#### Information given:
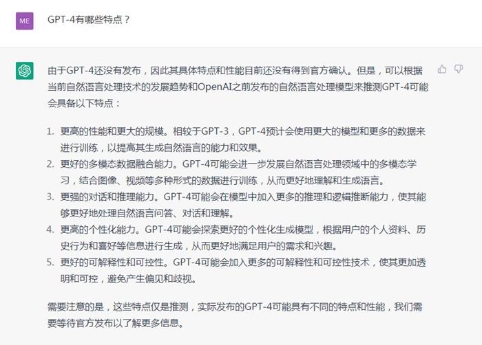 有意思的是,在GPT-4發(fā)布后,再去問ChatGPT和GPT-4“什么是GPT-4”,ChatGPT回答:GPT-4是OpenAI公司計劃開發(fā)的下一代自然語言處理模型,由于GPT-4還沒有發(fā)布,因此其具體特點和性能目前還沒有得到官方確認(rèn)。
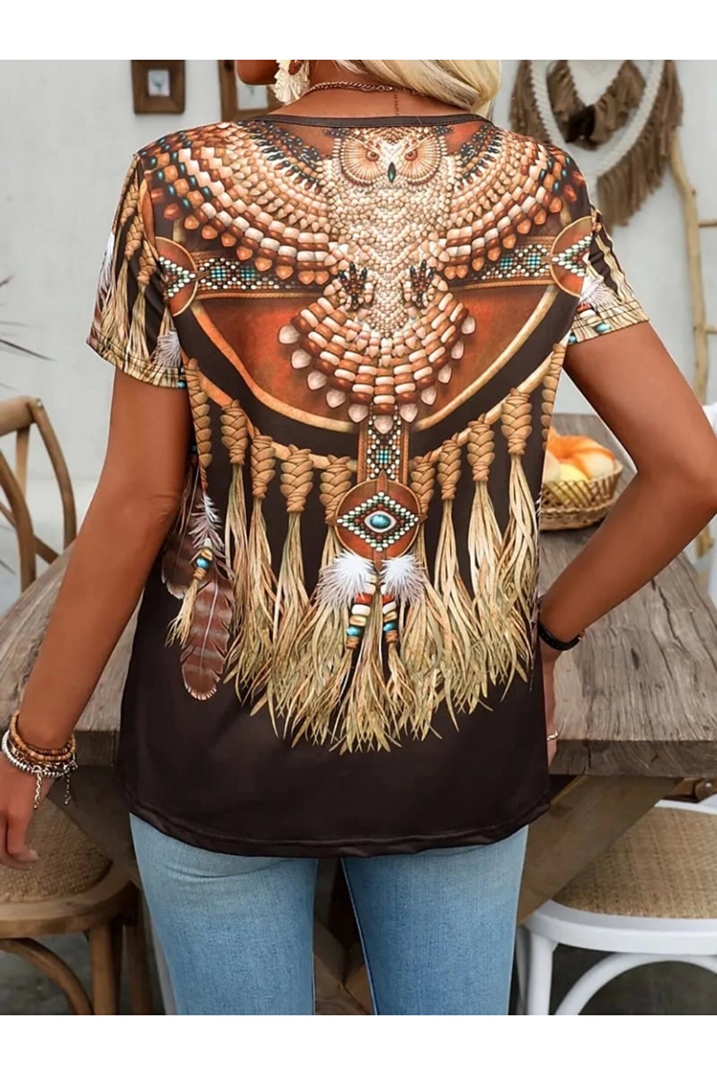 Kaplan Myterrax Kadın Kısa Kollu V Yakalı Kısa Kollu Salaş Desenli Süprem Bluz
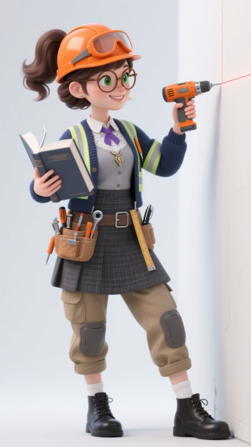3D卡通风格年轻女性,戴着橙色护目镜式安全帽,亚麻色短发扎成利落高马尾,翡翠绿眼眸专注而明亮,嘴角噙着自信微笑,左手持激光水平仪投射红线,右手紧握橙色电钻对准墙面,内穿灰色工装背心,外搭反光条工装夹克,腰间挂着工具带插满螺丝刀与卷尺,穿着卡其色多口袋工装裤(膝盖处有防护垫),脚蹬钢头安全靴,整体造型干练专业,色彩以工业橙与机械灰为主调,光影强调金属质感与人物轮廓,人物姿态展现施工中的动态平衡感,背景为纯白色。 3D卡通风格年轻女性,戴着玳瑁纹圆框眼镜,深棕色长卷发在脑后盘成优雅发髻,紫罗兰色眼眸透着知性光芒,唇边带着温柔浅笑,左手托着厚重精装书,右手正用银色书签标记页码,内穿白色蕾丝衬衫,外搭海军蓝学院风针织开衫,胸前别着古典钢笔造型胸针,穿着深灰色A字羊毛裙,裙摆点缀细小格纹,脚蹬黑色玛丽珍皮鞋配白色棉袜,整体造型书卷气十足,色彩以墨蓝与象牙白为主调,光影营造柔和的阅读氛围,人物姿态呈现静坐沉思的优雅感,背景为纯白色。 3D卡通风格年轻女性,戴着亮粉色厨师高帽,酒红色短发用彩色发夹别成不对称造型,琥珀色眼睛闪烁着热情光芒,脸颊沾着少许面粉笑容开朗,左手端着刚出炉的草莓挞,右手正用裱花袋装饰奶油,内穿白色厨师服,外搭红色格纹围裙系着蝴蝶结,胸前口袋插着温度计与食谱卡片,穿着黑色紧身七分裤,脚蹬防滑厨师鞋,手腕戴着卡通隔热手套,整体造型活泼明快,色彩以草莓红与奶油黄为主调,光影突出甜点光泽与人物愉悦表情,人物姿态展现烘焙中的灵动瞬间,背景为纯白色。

---

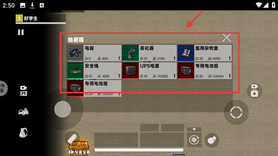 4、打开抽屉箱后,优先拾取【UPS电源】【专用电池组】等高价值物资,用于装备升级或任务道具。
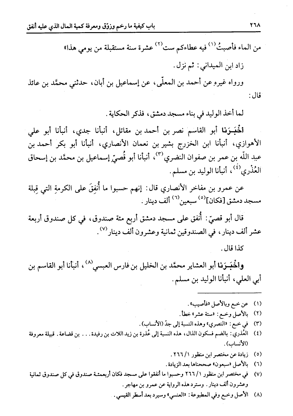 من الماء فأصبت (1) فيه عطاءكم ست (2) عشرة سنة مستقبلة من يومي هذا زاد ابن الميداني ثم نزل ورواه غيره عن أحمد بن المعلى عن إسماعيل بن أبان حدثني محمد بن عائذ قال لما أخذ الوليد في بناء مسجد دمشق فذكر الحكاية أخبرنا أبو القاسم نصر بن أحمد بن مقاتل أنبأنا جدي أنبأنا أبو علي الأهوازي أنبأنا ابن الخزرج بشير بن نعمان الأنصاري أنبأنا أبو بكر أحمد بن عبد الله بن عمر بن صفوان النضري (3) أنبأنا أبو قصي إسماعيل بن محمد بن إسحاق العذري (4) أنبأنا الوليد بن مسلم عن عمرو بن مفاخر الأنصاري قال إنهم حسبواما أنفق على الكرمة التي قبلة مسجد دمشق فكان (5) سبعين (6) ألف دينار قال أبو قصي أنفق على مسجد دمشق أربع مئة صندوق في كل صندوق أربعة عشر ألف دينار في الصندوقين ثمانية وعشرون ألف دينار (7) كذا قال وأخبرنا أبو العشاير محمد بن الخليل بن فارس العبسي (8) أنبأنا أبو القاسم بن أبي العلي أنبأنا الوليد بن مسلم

#### Exercise instructions:
Every line above in the stretch from the one with "有意思的是,在GPT-4發(fā)布后,再去問ChatG" through the one with "Kaplan Myterrax Kadın" is to be transcribed exactly, ends included. No picture is copied.

#### Your solution:
 有意思的是,在GPT-4發(fā)布后,再去問ChatGPT和GPT-4“什么是GPT-4”,ChatGPT回答:GPT-4是OpenAI公司計劃開發(fā)的下一代自然語言處理模型,由于GPT-4還沒有發(fā)布,因此其具體特點和性能目前還沒有得到官方確認(rèn)。
 Kaplan Myterrax Kadın Kısa Kollu V Yakalı Kısa Kollu Salaş Desenli Süprem Bluz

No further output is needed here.